Int Med Case Rep J. 2020 Aug 17;13:347-351. doi: 10.2147/IMCRJ.S269007. eCollection 2020.
Encephalocraniocutaneous lipomatosis "ECCL" is a rare, sporadic neurocutaneous disorder that results from a lethal autosomal mutation surviving by somatic mosaicism. It is characterized by unilateral involvement of skin, eyes and central nervous system in addition to a propensity for mesenchymal tumors. A 30-year-old male with previously controlled epilepsy presented with recurrent seizures. Brain imaging revealed a left parietal parasagittal enhancing tumor, in addition to left sided gyriform calcifications, and bilateral cerebral atrophy and ventricular dilatation more prominent on the left side. He also presented multiple left sided sebaceous nevi and abundant subcutaneous lipomas in addition to left mandibular condylar cysts.

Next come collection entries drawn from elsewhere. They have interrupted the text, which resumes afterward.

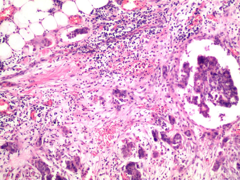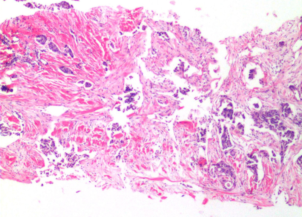 Adenocarcinoma invasor, predominantemente acinar con áreas micropapilares, no mucoproductor primario de pulmón, con extensión a pleura y tejidos blandos.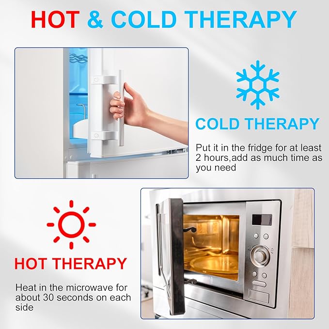 - NATURAL PHYSICAL THERAPY - Soft gel ice pack is safe for chilling in a freezer for cold compress to help control swelling, inflammation and sports pain. Heating in the microwave and hot water for hot therapy to get rid of pains by improving blood circulation, reducing joint stiffness, muscle spasms.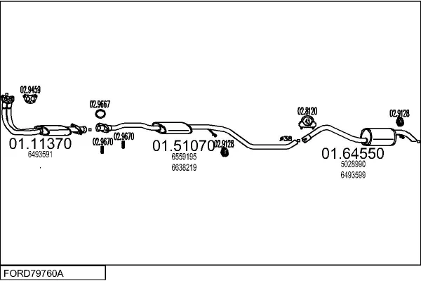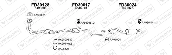 FORD ESCORT V Turnier (ANL) 1.3 - Výfukový systém - kompletní od 9/1991 do 1/1995, 1299 ccm, 44 kW, 60 hp, J4B, J6A, kombi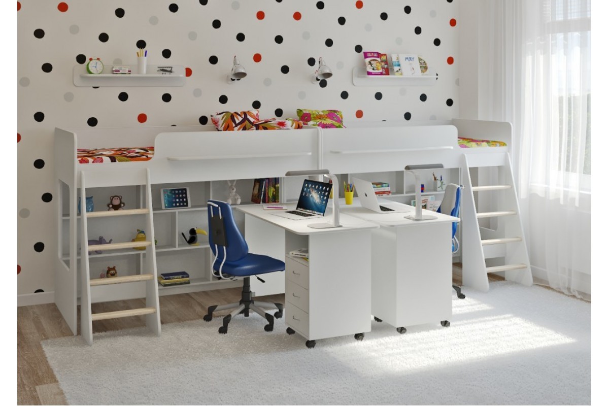 В комплект входят два письменных стола Л-03, оборудованных поворотными колесами. Столы легко перемещаются по полу, задвигаются и выдвигаются. Три выкатных ящика стола обеспечат удобное хранение канцелярии, письменных, учебных и прочих принадлежностей. Над ящиками открытая полка для мелочей, которые будут всегда под рукой.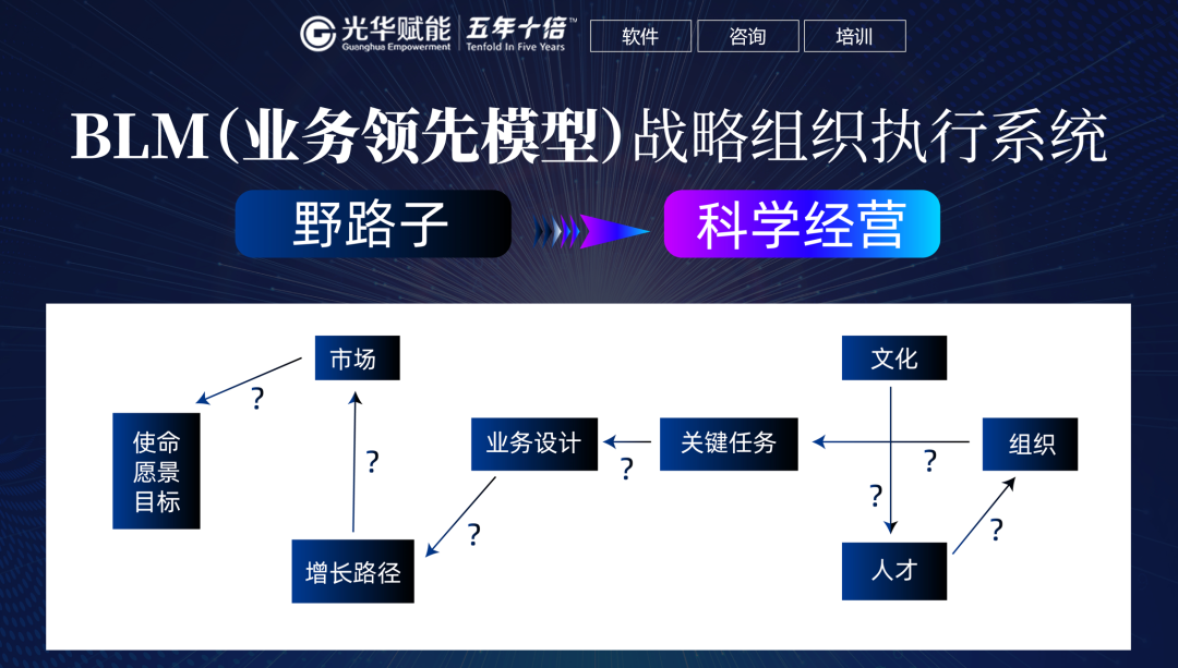 BLM 管理師認證項目,由杭州光華賦能董事長方永飛親自授課。1000 多頁的 PPT 誠意滿滿,凝聚著方教授數十年來的心血與管理智慧。不同于市面上針對個別知識點的碎片化學習,BLM 課程有著完整的底層架構和極強的體系性。這是一套戰略規劃與執行落地的 “組合拳”,幫助企業管理者系統掌握行之有效的工具和方法。方永飛教授的BLM培訓課程始終圍繞著“知行合一,才是王道”進行開發的。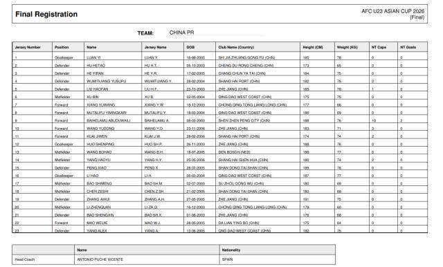 1月4日,亚足联公布2026年U23亚洲杯大名单,最终,守门员姚浩洋、后卫张一轩、中场依木兰·买买提、时尚朱鹏宇落第中国U23参赛名单。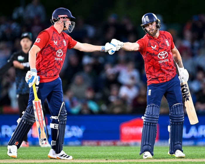 England, 236-4, beat New Zealand, 171, by 65 runsRashid takes four wickets after Salt’s 85 and Brook’s 78If the first game of this series was ruined by a downpour, the second was won by a deluge. A 129-run partnership between Phil Salt and Harry Brook powered the tourists towards a score of 236 for four, England smashing 34 boundaries and the record …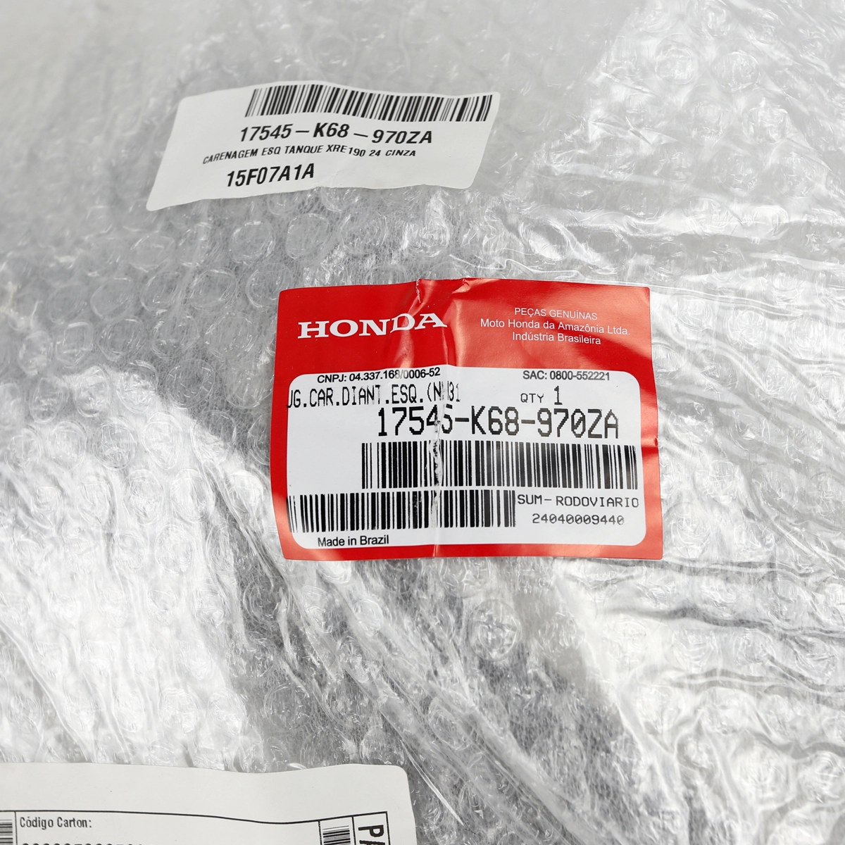 A carenagem esquerda do tanque original Honda tem a função de proteger o tanque de combustível e compor o acabamento lateral da motocicleta, mantendo o design e a aerodinâmica conforme o padrão de fábrica. Fabricada com material de alta resistência, oferece encaixe perfeito, excelente durabilidade e acabamento original, sem necessidade de adaptações.

The brain tumor was excised, and cytopathology revealed a WHO grade I fibrous meningioma. After a thorough evaluation and exclusion of alternative diagnoses, the patient was diagnosed with definite encephalocraniocutaneous lipomatosis as per Moog's criteria. Several cases of ECCL recently presented with different intracranial neoplasms. Here we report the first case of ECCL in association with meningioma.

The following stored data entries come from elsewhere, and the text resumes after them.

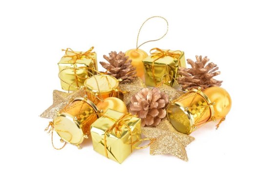 Zestaw 16 sztuk dekoracji o wymiarze: 3-4,5 cm do zawieszenia. W skład kompletu wchodzą: 3 dzwonki ozdobne, 3 szyszki, 3 bombki choinkowe, 3 prezenciki i 4 gwiazdki.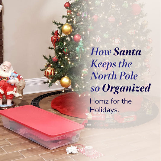 Homz 41Qt Clear Plastic Holiday Storage Container with Red Snap Lock Lid, 2 Pk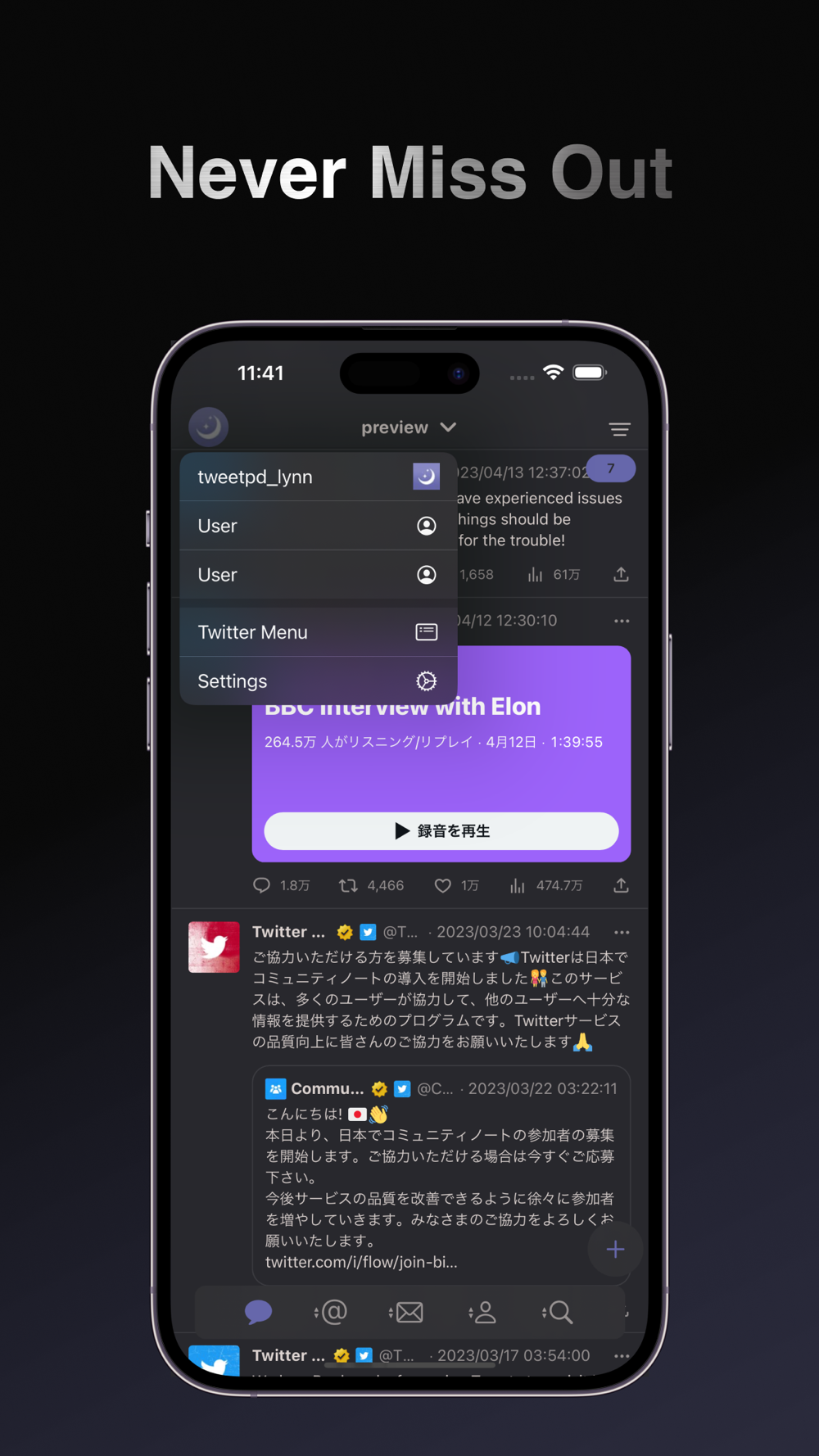 With our auto-translation feature, you can easily translate foreign tweets on the spot without needing a separate translation app! Save images and videos in bulk from tweets, revisit them while out and about, and even save on your data traffic!

脑颅皮肤脂肪瘤病(“ECCL”)是一种罕见的散发性神经皮肤疾病,由通过体细胞镶嵌现象存活的致死性常染色体突变引起。其特征是除了易患间充质肿瘤外,还伴有皮肤、眼睛和中枢神经系统的单侧受累。一名30岁男性,既往癫痫已得到控制,现出现癫痫复发。脑部影像学检查显示左侧顶叶矢状旁有强化肿瘤,此外还有左侧脑回状钙化,以及双侧脑萎缩和脑室扩张,左侧更为明显。他还伴有多个左侧皮脂腺痣、大量皮下脂肪瘤以及左侧下颌髁囊肿。切除脑肿瘤后,细胞病理学显示为世界卫生组织I级纤维性脑膜瘤。经过全面评估并排除其他诊断后,根据穆格标准,该患者被诊断为确诊的脑颅皮肤脂肪瘤病。最近有几例脑颅皮肤脂肪瘤病患者出现了不同的颅内肿瘤。在此我们报告首例与脑膜瘤相关的脑颅皮肤脂肪瘤病病例。